• _Aim of the task_:
Without pictures, return the lines from the one containing "говорится в сообщении." through the last line of the data below, exactly.

*** Opening Data to process ***

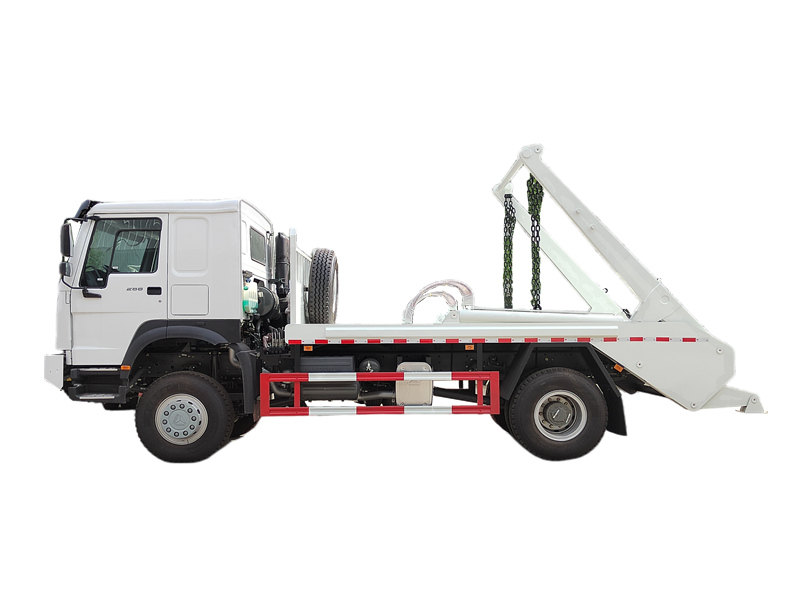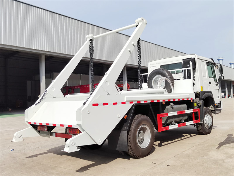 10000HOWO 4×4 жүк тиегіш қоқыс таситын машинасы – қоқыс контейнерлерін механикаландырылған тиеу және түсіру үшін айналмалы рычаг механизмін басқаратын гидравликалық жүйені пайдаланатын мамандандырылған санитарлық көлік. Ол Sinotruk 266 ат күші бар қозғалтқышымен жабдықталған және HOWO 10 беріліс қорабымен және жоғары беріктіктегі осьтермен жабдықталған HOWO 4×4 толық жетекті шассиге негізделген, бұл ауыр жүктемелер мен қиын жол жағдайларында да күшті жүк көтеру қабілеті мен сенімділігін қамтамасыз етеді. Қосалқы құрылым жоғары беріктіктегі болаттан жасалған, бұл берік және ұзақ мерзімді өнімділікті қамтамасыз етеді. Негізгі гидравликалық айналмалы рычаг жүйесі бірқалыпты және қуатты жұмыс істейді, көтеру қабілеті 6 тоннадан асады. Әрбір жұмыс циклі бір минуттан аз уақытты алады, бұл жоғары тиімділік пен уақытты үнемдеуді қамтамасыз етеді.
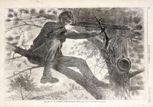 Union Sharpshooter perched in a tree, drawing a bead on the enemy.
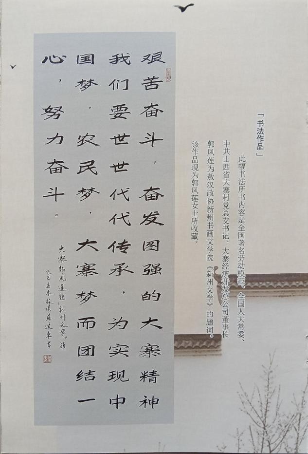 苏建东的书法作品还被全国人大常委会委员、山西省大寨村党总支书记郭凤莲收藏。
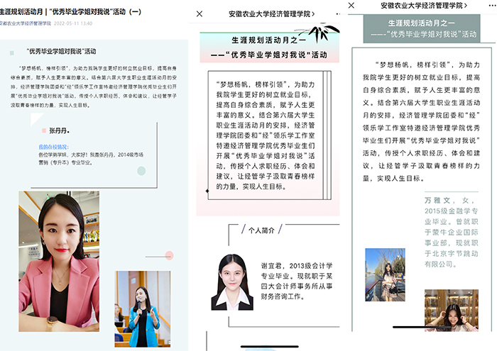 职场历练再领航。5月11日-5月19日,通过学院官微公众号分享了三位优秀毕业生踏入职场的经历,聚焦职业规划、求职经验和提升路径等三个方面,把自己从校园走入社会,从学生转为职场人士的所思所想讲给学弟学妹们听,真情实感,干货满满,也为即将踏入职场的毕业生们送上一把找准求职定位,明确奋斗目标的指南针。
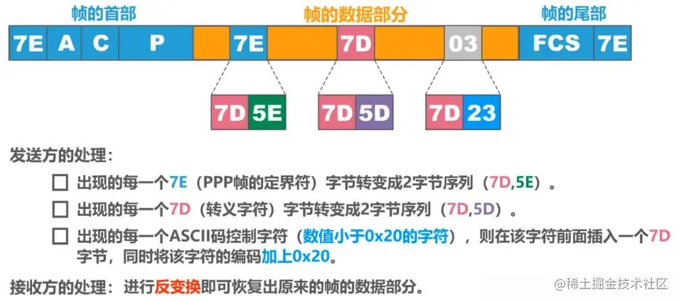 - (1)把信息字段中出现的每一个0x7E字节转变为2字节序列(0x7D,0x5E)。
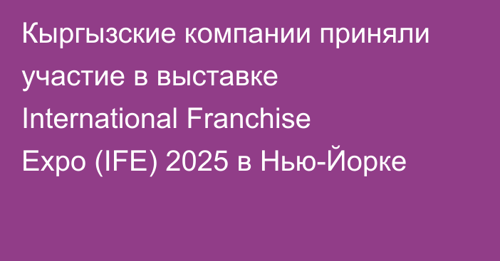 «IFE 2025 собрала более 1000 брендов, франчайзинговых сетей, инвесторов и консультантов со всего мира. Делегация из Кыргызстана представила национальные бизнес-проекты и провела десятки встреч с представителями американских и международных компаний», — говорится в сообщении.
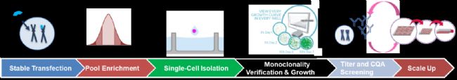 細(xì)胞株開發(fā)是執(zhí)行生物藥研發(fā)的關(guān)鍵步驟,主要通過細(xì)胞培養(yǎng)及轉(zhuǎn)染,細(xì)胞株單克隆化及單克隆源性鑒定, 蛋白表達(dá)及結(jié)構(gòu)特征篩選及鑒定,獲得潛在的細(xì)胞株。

*** Closing Data to process ***

• _Result of this task_:
 «IFE 2025 собрала более 1000 брендов, франчайзинговых сетей, инвесторов и консультантов со всего мира. Делегация из Кыргызстана представила национальные бизнес-проекты и провела десятки встреч с представителями американских и международных компаний», — говорится в сообщении.
 細(xì)胞株開發(fā)是執(zhí)行生物藥研發(fā)的關(guān)鍵步驟,主要通過細(xì)胞培養(yǎng)及轉(zhuǎn)染,細(xì)胞株單克隆化及單克隆源性鑒定, 蛋白表達(dá)及結(jié)構(gòu)特征篩選及鑒定,獲得潛在的細(xì)胞株。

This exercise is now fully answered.